The task: All of the data below should be set down again verbatim, without any images.

Given material:
<<<<

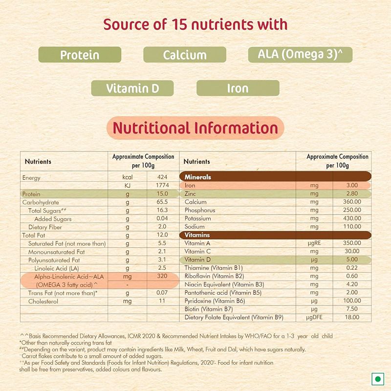 Nestle CERELAC Multigrain Dal Veg with No Refined Sugar is a complementary baby food for infants from 12 to 24 months. It is also a source of 15 important nutrients including vitamins and minerals. With Protein, Iron, Calcium, ALA (Omega 3) & Vitamin D. This baby food cereal is packed with the goodness of cereal, milk, Dal and vegetables. With 155 years of scientific expertise in infant nutrition, Nestle develops infant nutrition products backed by evolving science and research. Innovation has been at the heart of Nestle since its beginning. Contains No Refined Sugar.
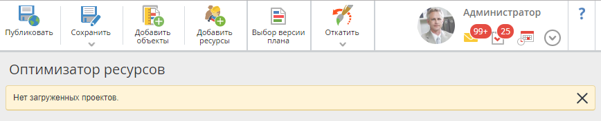При нажатии на пиктограмму  и кнопку Сохранить все измененные планы сохраняются все планы проектов, версии которых были изменены в оптимизаторе ресурсов.
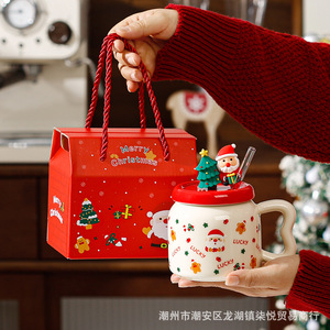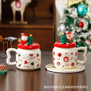 クリエイティブクリスマスプレゼント女子カップセラミックマグカップ蓋付きクリスマスカッププレゼントプレゼントコーヒーカップ
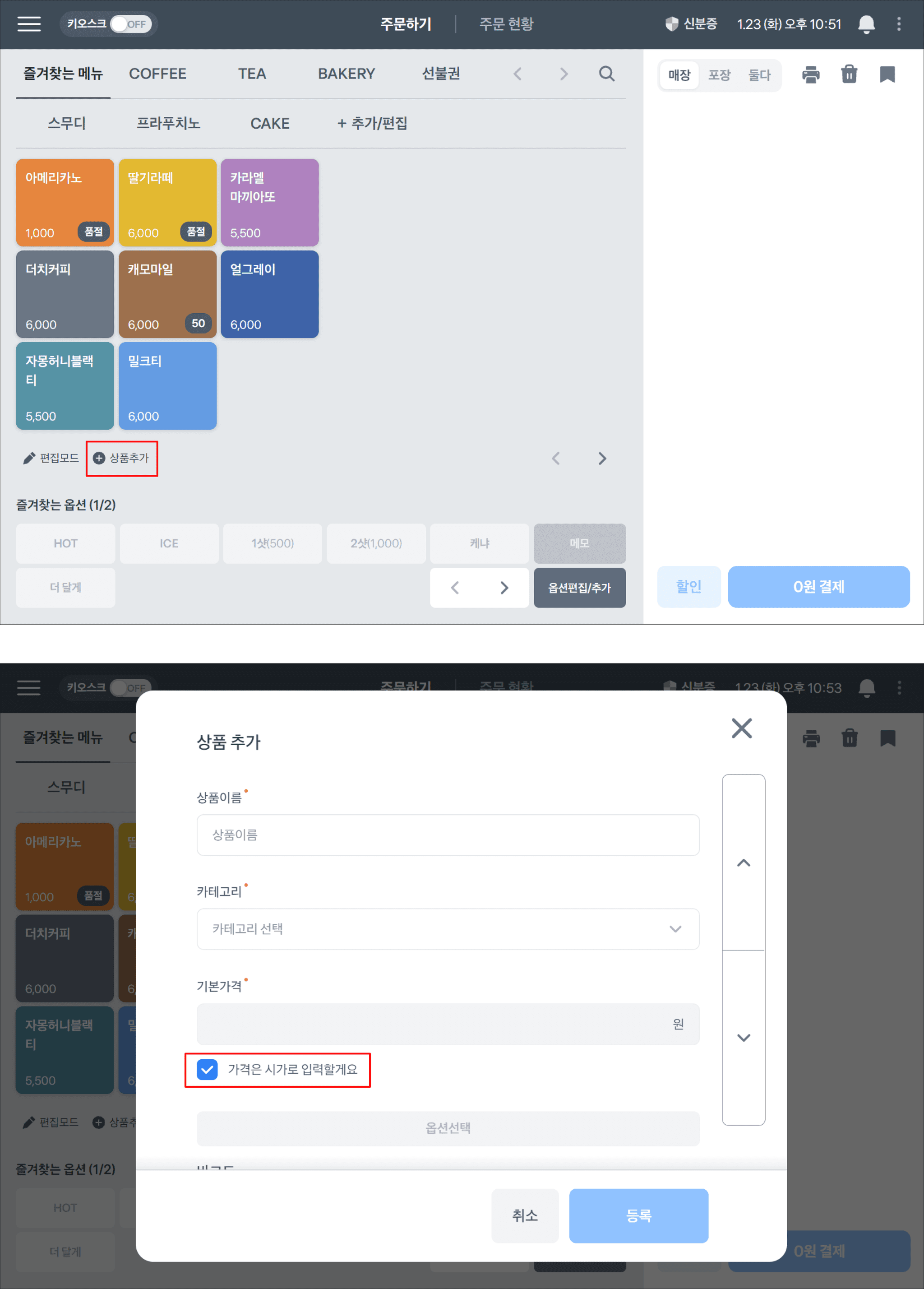 포스 메인화면 하단 [+상품추가]를 누르고 메뉴를 먼저 등록한 후 가격은 "시가로 입력할게요"를 체크해주세요

>>>>

Answer to the exercise:
 Nestle CERELAC Multigrain Dal Veg with No Refined Sugar is a complementary baby food for infants from 12 to 24 months. It is also a source of 15 important nutrients including vitamins and minerals. With Protein, Iron, Calcium, ALA (Omega 3) & Vitamin D. This baby food cereal is packed with the goodness of cereal, milk, Dal and vegetables. With 155 years of scientific expertise in infant nutrition, Nestle develops infant nutrition products backed by evolving science and research. Innovation has been at the heart of Nestle since its beginning. Contains No Refined Sugar.
При нажатии на пиктограмму  и кнопку Сохранить все измененные планы сохраняются все планы проектов, версии которых были изменены в оптимизаторе ресурсов.
 クリエイティブクリスマスプレゼント女子カップセラミックマグカップ蓋付きクリスマスカッププレゼントプレゼントコーヒーカップ
 포스 메인화면 하단 [+상품추가]를 누르고 메뉴를 먼저 등록한 후 가격은 "시가로 입력할게요"를 체크해주세요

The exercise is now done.